Run successfully results are :

2020-02-12 20:28:56,188 [Driver] WARN  com.spark.mypackage.CountRecords -  NUMBER OF PARTITIONS AFTER HDFS READ : 77926
+--------------------+-----+
|SPARK_PARTITION_ID()|count|
+--------------------+-----+
|               24354|   94|
|               26425|   96|
|               32414|   64|
|               76143|   32|
|               16861|   32|
|               30903|   64|
|               40335|   32|
|               64121|   64|
|               69042|   32|
|               32539|   64|
|               34759|   32|
|               41575|   32|
|                1591|   64|
|                3050|   98|
|               51772|   32|
+--------------------+-----+

2020-02-12 20:50:32,301 [Driver] WARN  com.spark.mypackage.CountRecords -  RECORD COUNT: 3999708

Solution

Yes. Small files is not only a Spark problem. It causes unnecessary load on your NameNode.

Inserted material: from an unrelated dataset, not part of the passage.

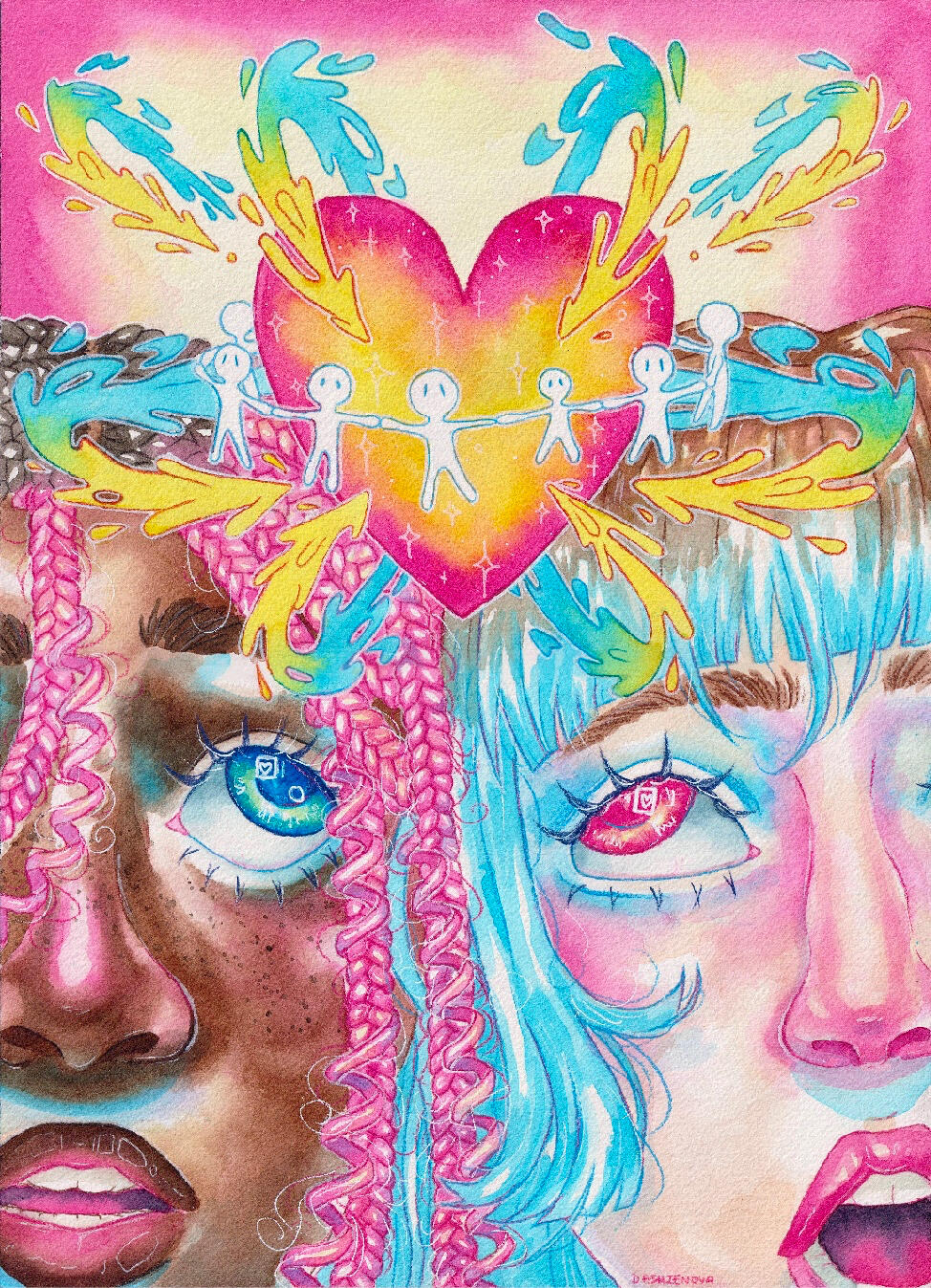 Hi there! I'm DASHIENOVA, a 21 year old artist from the UK. (Drawing of my representative character above!)I’ve made my debut as an illustrator/fine artist focusing mainly on watercolours and digital art. I make prints of my art, as well as badges, stickers and more, which I sell at conventions. My paintings are also in gallery exhibitions around the UK.Things I enjoy, and often focus my artwork on, are nature, diversity/human variety, disability, queerness, and surrealism. I share my work on social media too (mostly Instagram).I hope you enjoy your visit on my website!

You should spend more time compacting and uploading larger files than worrying about OOM when processing small files. The fact that your files are less than 64MB / 128MB, then that's a sign you're using Hadoop poorly.
Something like spark.read("hdfs://path").count() would read all the files in the path, then count the rows in the Dataframe
There is no hard-set number. You need to enable JMX monitoring on your jobs and see what the heap size is reaching. Otherwise, arbitrarily double the current memory you're giving the job until it starts not getting OOM. If you start approaching more than 8GB, then you need to consider reading less data in each job by adding more parallelization.

FWIW, Kafka Connect can also be used to output partitioned HDFS/S3 paths.